WHAT NEEDS TO BE DONE
Copy out the data from the line containing "Esta árvore de" to its last line, exactly. No pictures.

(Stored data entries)

=== Begin Enclosure ===

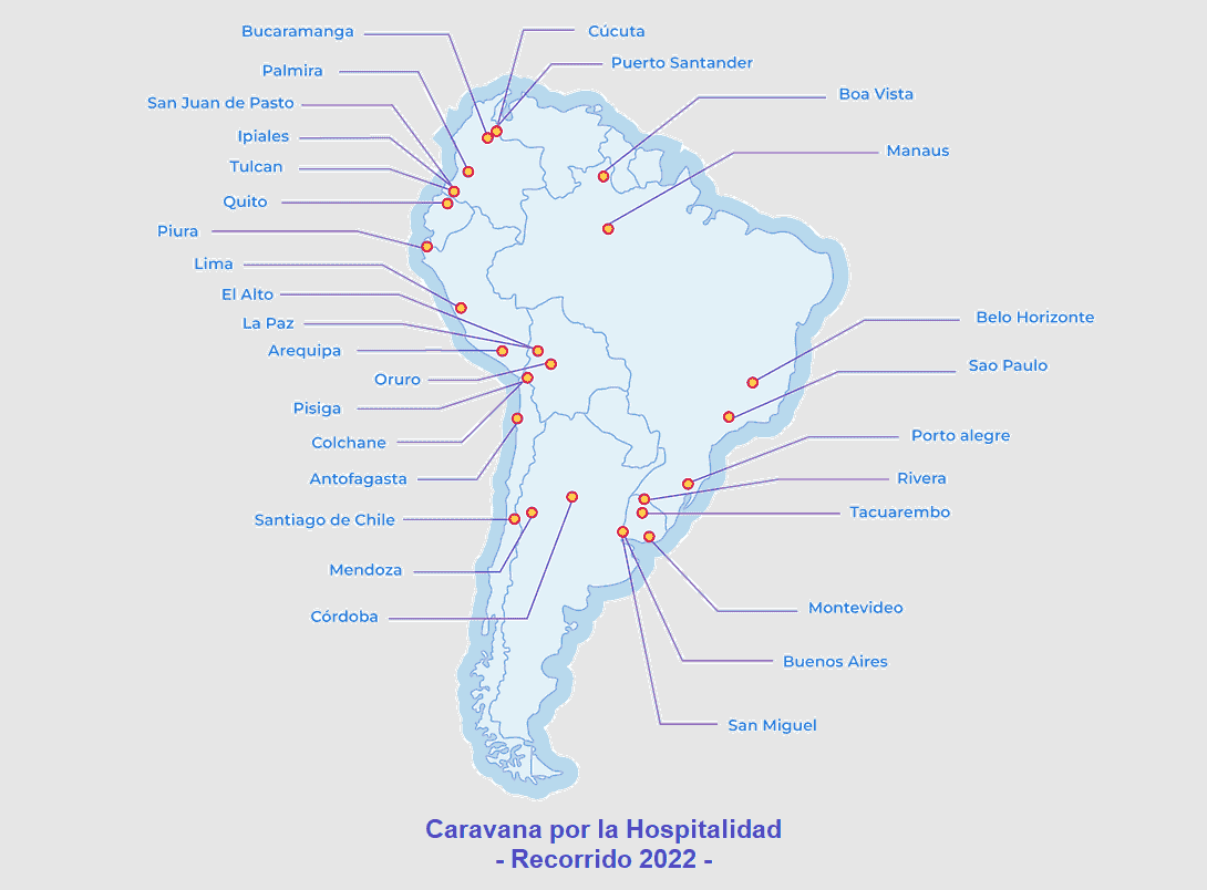 Entre el 15 de agosto y el 8 de septiembre de 2022, la Caravana por la #hospitalidad va recorriendo Uruguay y Argentina, en un itinerario articulado con el Servicio Jesuita a Migrantes SJM ARU. Llegando a la localidad uruguaya de Rivera (frontera con Brasil), y pasará por Tacuarembó, Rocha y Montevideo para continuar hacia Argentina, donde tendrá paradas en la ciudad de Buenos Aires, San Miguel (en el conurbano bonaerense), Córdoba y Mendoza.
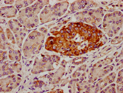 IHC image of CSB-PA885749LA01HU diluted at 1:300 and staining in paraffin-embedded human pancreatic tissue performed on a Leica BondTM system. After dewaxing and hydration, antigen retrieval was mediated by high pressure in a citrate buffer (pH 6.0). Section was blocked with 10% normal goat serum 30min at RT. Then primary antibody (1% BSA) was incubated at 4°C overnight. The primary is detected by a biotinylated secondary antibody and visualized using an HRP conjugated SP system.
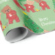 Esta árvore de Natal moderna e ursos de pelúcia no papel de embalagem de pijamas de Natal tem um padrão de três ursos de criança em gros de natal ao lado de uma árvore de Natal com as palavras Feliz Natal em branco, tudo num fundo verde. Um papel festivo bonito para embrulhar presentes para um chá de fraldas de inverno ou Natal.
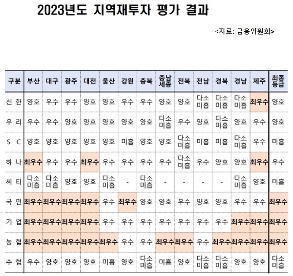 14일 금융위원회의 ‘2023년 금융회사 지역재투자 평가’ 결과를 보면, 시중은행 가운데 KB국민·기업·NH농협이 최우수 등급을 획득한 반면, SC 한국시티은행은 미흡 평가를 받았다. 우수 등급에는 하나, 양호에는 신한·우리, 다소 미흡에는 수협이 포함됐다.
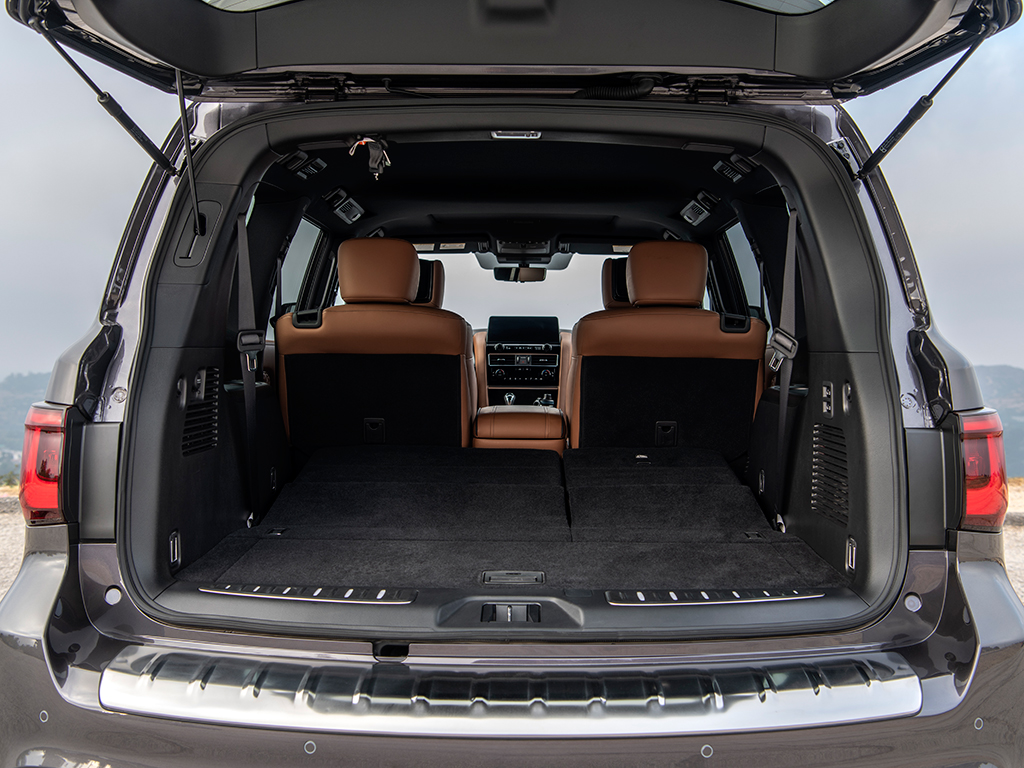 تُعتبر الرحابة التي تمتاز بها سيارة QX80 واحدة من العديد من نقاط القوة التي تميز السيارة. وتم تجهيز السيارة بثلاثة صفوف من المقاعد تشمل سبعة مقاعد كتجهيز أساسي أو ثمانية مقاعد عند إضافة مقعد للصف الثاني كتجهيز اختياري، حيث توفر أعلى مستويات الراحة لجميع أفراد العائلة. ويمكن إمالة مقاعد الكابتن في الصف الثاني بسهولة للوصول إلى الصف الثالث. كما يتيح الباب الخلفي الكهربائي الذي يأتي كتجهيز أساسي الوصول بسهولة إلى الأمتعة. وتوفر سيارة QX80 مساحة تخزين كبيرة تبلغ ١٦,٦ قدم مكعب عندما تكون صفوف المقاعد الثلاثة في الوضع العمودي، فيما يمكن زيادة مساحة التخزين إلى ٩٥,١ قدم مكعب من خلال طيّ الصفين الثاني والثالث.

=== End Enclosure ===

EXPECTED ANSWER
 Esta árvore de Natal moderna e ursos de pelúcia no papel de embalagem de pijamas de Natal tem um padrão de três ursos de criança em gros de natal ao lado de uma árvore de Natal com as palavras Feliz Natal em branco, tudo num fundo verde. Um papel festivo bonito para embrulhar presentes para um chá de fraldas de inverno ou Natal.
 14일 금융위원회의 ‘2023년 금융회사 지역재투자 평가’ 결과를 보면, 시중은행 가운데 KB국민·기업·NH농협이 최우수 등급을 획득한 반면, SC 한국시티은행은 미흡 평가를 받았다. 우수 등급에는 하나, 양호에는 신한·우리, 다소 미흡에는 수협이 포함됐다.
 تُعتبر الرحابة التي تمتاز بها سيارة QX80 واحدة من العديد من نقاط القوة التي تميز السيارة. وتم تجهيز السيارة بثلاثة صفوف من المقاعد تشمل سبعة مقاعد كتجهيز أساسي أو ثمانية مقاعد عند إضافة مقعد للصف الثاني كتجهيز اختياري، حيث توفر أعلى مستويات الراحة لجميع أفراد العائلة. ويمكن إمالة مقاعد الكابتن في الصف الثاني بسهولة للوصول إلى الصف الثالث. كما يتيح الباب الخلفي الكهربائي الذي يأتي كتجهيز أساسي الوصول بسهولة إلى الأمتعة. وتوفر سيارة QX80 مساحة تخزين كبيرة تبلغ ١٦,٦ قدم مكعب عندما تكون صفوف المقاعد الثلاثة في الوضع العمودي، فيما يمكن زيادة مساحة التخزين إلى ٩٥,١ قدم مكعب من خلال طيّ الصفين الثاني والثالث.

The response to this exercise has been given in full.